Major General Alastair David Arton Duncan CBE DSO (22 October 1952 – 24 July 2016) was a British army officer. He is best known for his service as Commanding Officer of The Prince of Wales's Own Regiment of Yorkshire whilst in the Balkans, Chief of Staff of the United Nations Mission in Sierra Leone, and Director-General of Training Support.

==Early life and education==
Duncan was born on 22 October 1952 in Toft Monks, Norfolk, England. From 1961 to 1970, he was educated at Gresham's School, a private boarding school in Holt, Norfolk.

==Military career==
On 10 March 1973, having attended Royal Military Academy Sandhurst, Duncan was commissioned into The Prince of Wales's Own Regiment of Yorkshire (PWO), British Army, as a second lieutenant with seniority from 8 March 1973. Duncan eventually rose to command the regiment in 1990 as a lieutenant-colonel, and would lead the PWO through two deployments.

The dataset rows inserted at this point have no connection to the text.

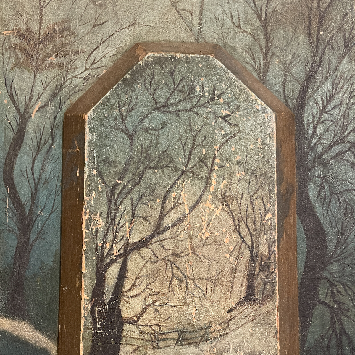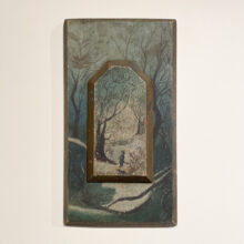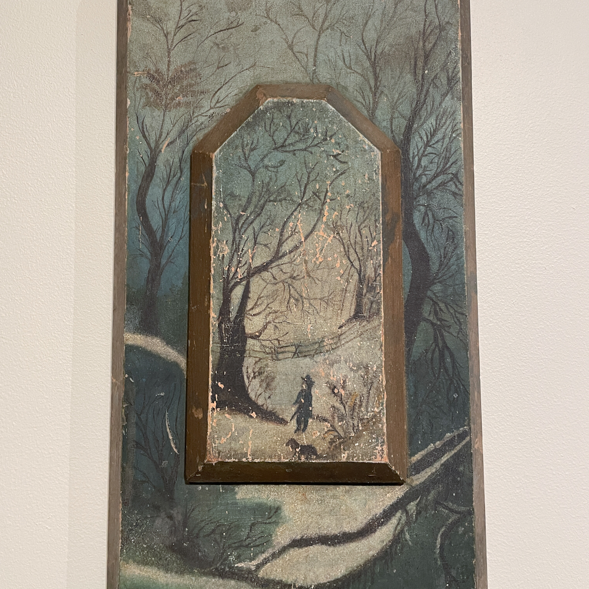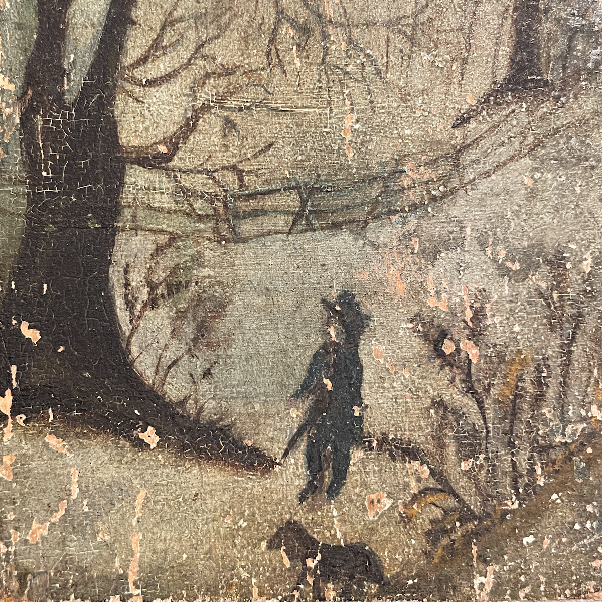 Painting of man & dog in wintry woods / oil on raised panels / Artist Unknown / ca. third quarter 19th century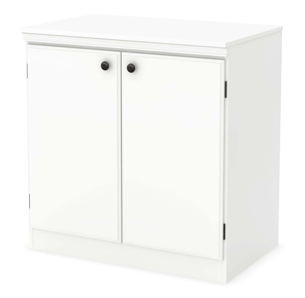 This 2-door cabinet features metal handles in a black finish and 2 storage spaces separated by 1 adjustable shelf.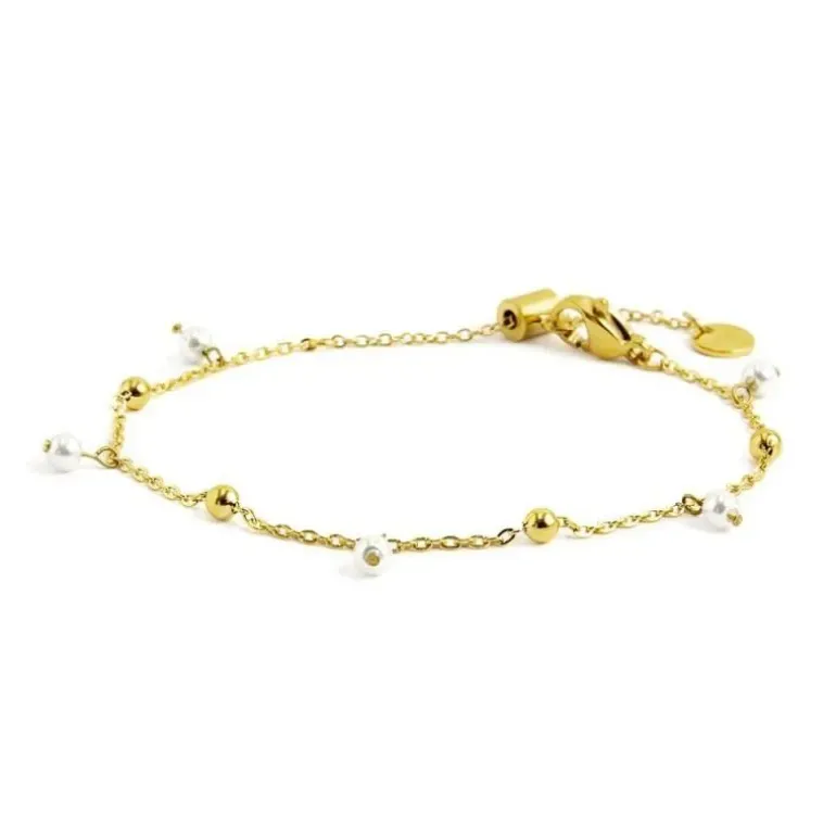 Bracciale in acciaio con pvd oro con catena con sfere in acciaio alternate a perle pendenti con diametro 3.30 mm. Lunghezza totale 19 cm regolabile da 19 cm a 14 cm tramite cursore. Marlù logo tag presente all’estremità. Materiali: acciaio con pvd oro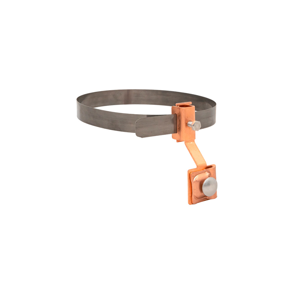 Держатель для водосточных труб универсальный фиксирует токоотвод 6–10 мм к водосточной трубе диаметром до 160 мм.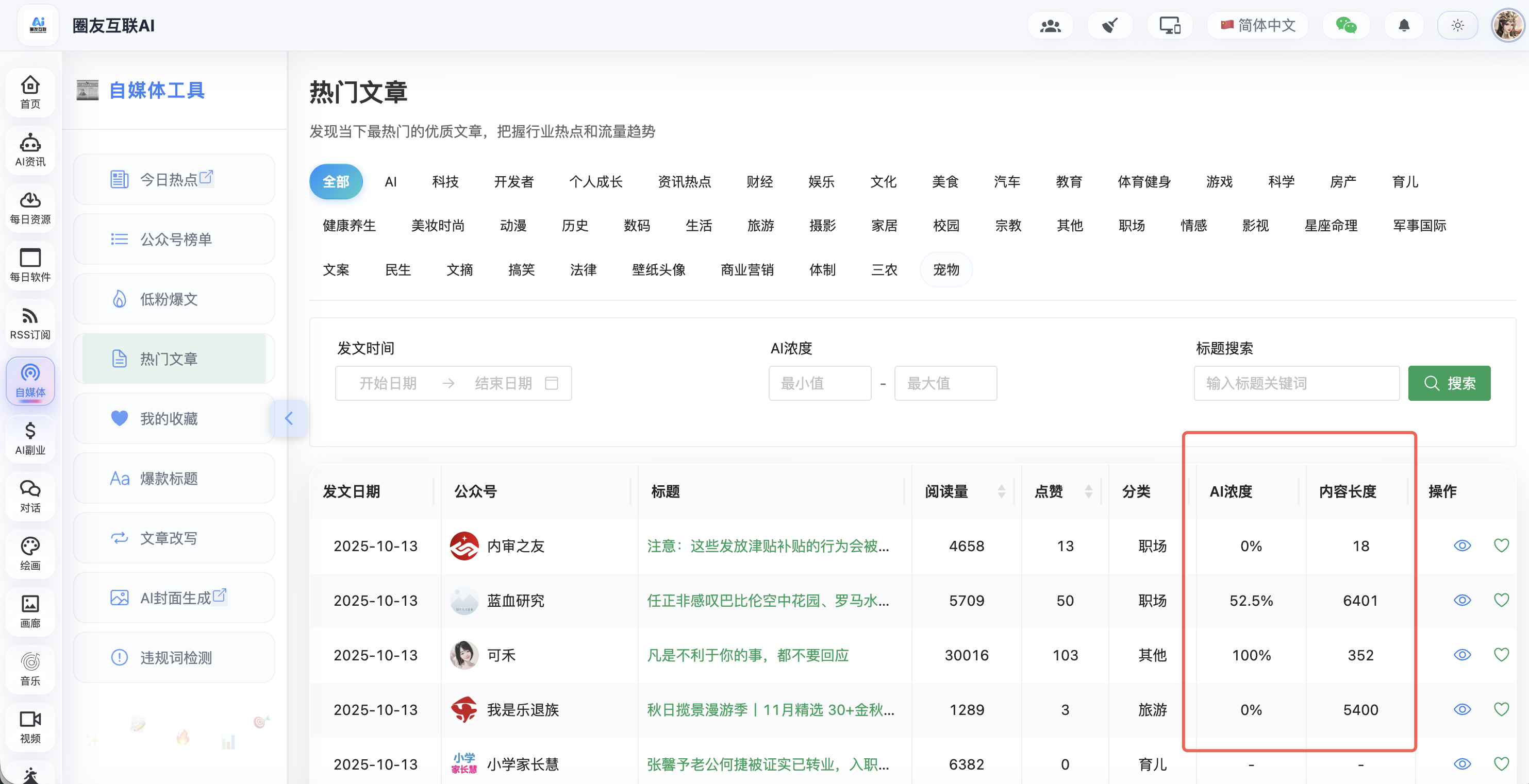 - 更强的检索过滤:发文时间、标题外,新增“AI浓度区间筛选”;标题统一改为超链接,一键直达原文。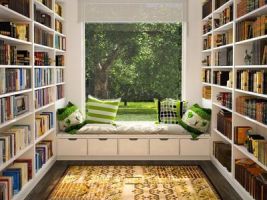 V knihovně si vytvořte správné místo k sezení v podobě čtecího koutku, který je důležitou součástí vaší domácí knihovny. Využijte velké křeslo, konferenční stolek, nebo jen sedací polštář a zpříjemněte si tak volné chvíle. Nápady, jak taková koutek zařídit, najdete ZDE.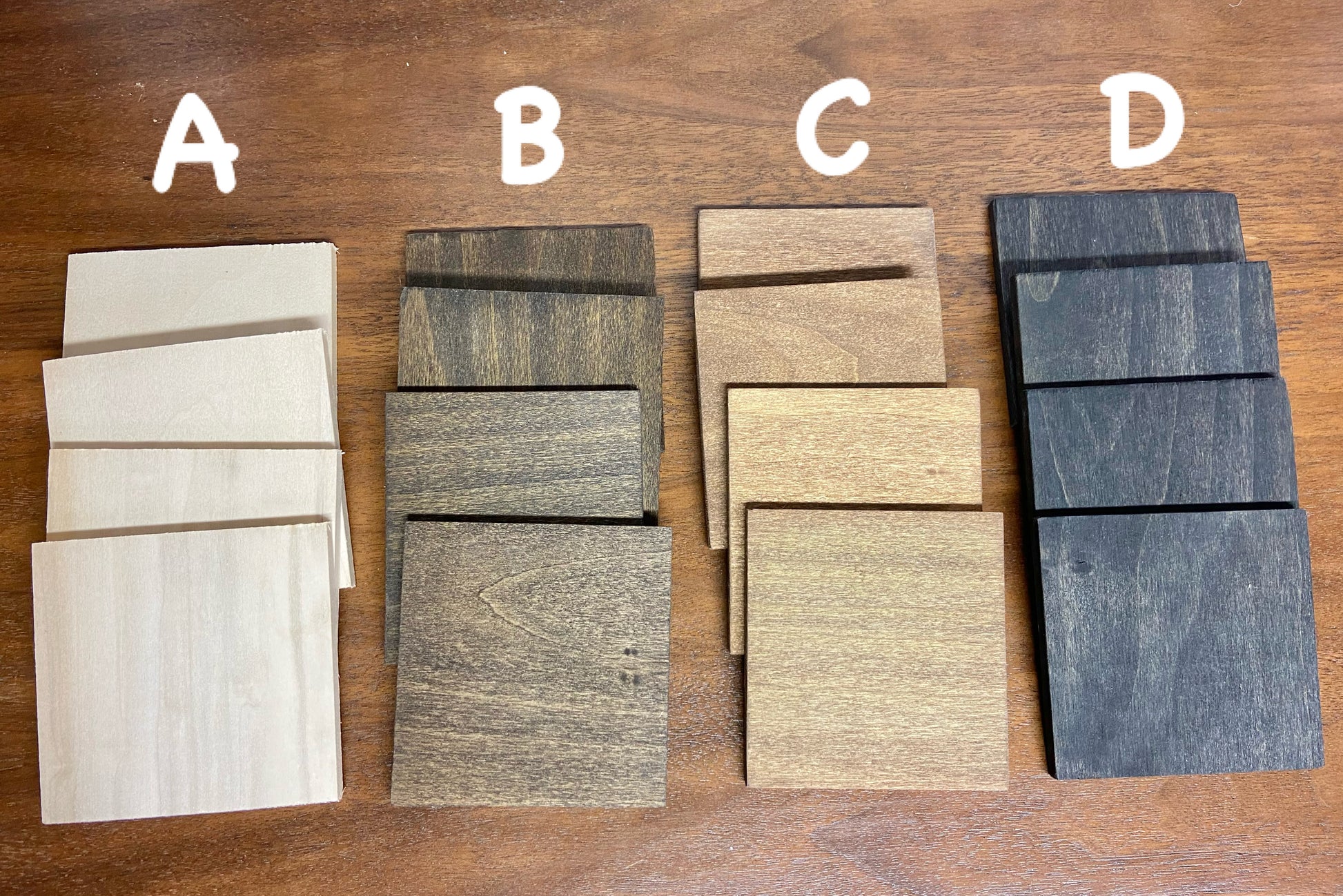 These coasters measure 3.5x3.5x.25 inches and come in four different options: unfinished, dark walnut, early American, and black.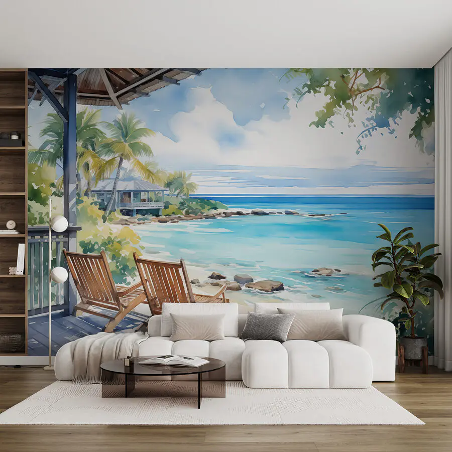 Fototapeten Aquarell von Stühlen auf einer Terrasse mit Blick auf einen Strand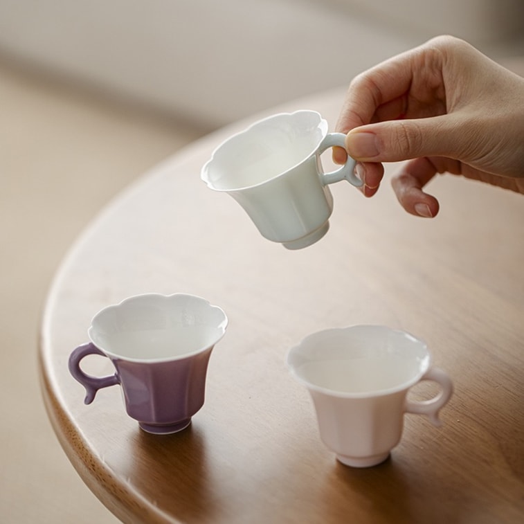 【赠品】美国 赵赵的茶 茶杯 陶瓷 功夫茶 茶具 40ml 带把花口式 1个 (颜色随机)
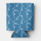 Trombone themed can cooler with white trombones on a blue background.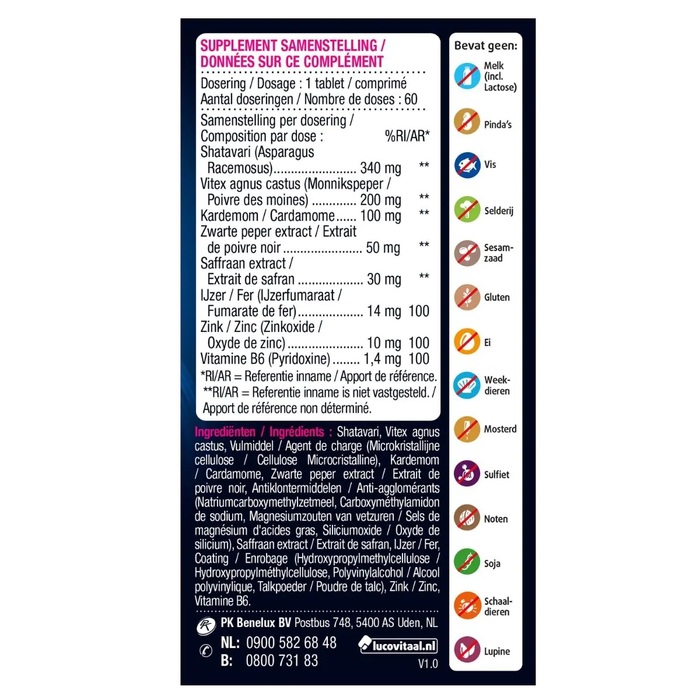 Lucovitaal БАД для поддержки гормонального баланса у женщин Vrouw, 60 табл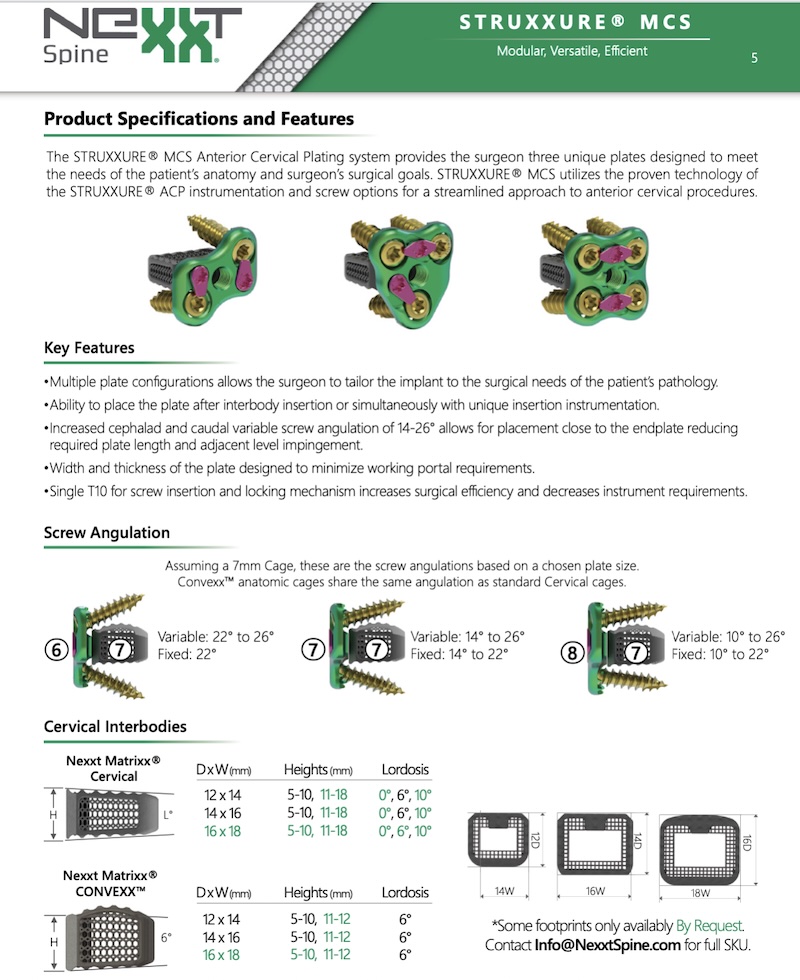 The STRUXXURE MCS (Modular Cervical System) by Nexxt Spine is a modular anterior cervical plating system that can be used alone as a low profile plate or assembled prior to implantation as a conjoined construct. STRUXXURE MCS is compatible with Nexxt MATRIXX cervical interbody or PEEK interbody.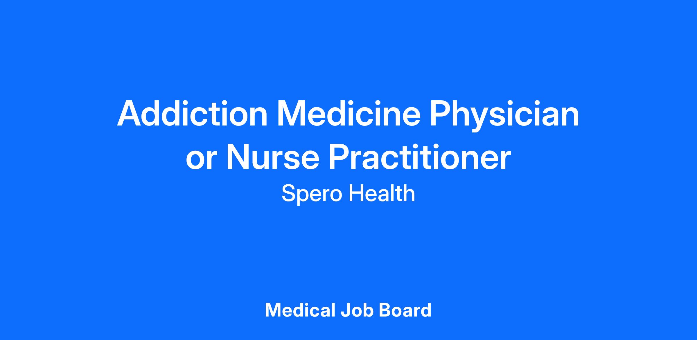 Spero Health is seeking an Addiction Medicine Physician or Nurse Practitioner to join our team!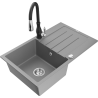 Mexen Bruno 1-bowl granite sink with drainer and Savita kitchen tap, black/silver metallic - 6513-73-672601-70

The first was to Northern Ireland in 1992 to fight in the Troubles, with Duncan appointed an Officer in the Order of the British Empire for his performance in command. The second was in 1993 to Bosnia as part of UNPFOR. It was here that Major-General Duncan was awarded the Distinguished Service Order for his leadership in action, with the Telegraph calling him "instrumental in the rescue of 200 Croats...". After the tour he was commissioned as a commander of the 19th Mechanised Brigade in Germany and Catterick, where he commanded 19th Mechanized Brigade and Catterick Garrison. He then took up a position in the Ministry of Defence as Director of Land Warfare.

In 2000 he was appointed Chief of Staff of the United Nations Mission in Sierra Leone (UNAMSIL). UNAMSIL would eventually result in the disarming of more than 75,000 fighters. It rebuilt the country's police force and paved the way to democratic elections. Though stepping down from this position in 2001 to take up his final role in the military as Director-General of Training Support, the United Nations mission was completed in 2005, and Duncan was invested as a Commander of the Order of the British Empire for his efforts. In 2005, Major-General Duncan retired from the army after 33 years of service.

==Later life==
From 2005 to 2009, he was Managing Director of Services Sound and Vision Corporation, a British charity that runs entertainment services for the British Armed Forces including the British Forces Broadcasting Service and the Combined Services Entertainment.

In 2013, Duncan was "sectioned under the Mental Health Act and confined in a secure mental facility". He died on 24 July 2016, aged 63, having suffered a perforated ulcer.

==Personal life==
Duncan was married three times and had three children. His first wife was Anita Keily, and together they had two sons; Thomas and Edward. They divorced in 1993. In 1995, he married Avril Walker, and together they had a daughter, Arabella. They divorced in 2008. In September 2013, he married for a third time to Ellen Le Brun, and she survives him.

===Health===
In 1993, during his posting to Bosnia, Duncan suffered a brain injury when the Warrior tracked armoured vehicle he was travelling in was damaged by a roadside bomb. He subsequently developed post-traumatic stress disorder (PTSD) in relation to the incident.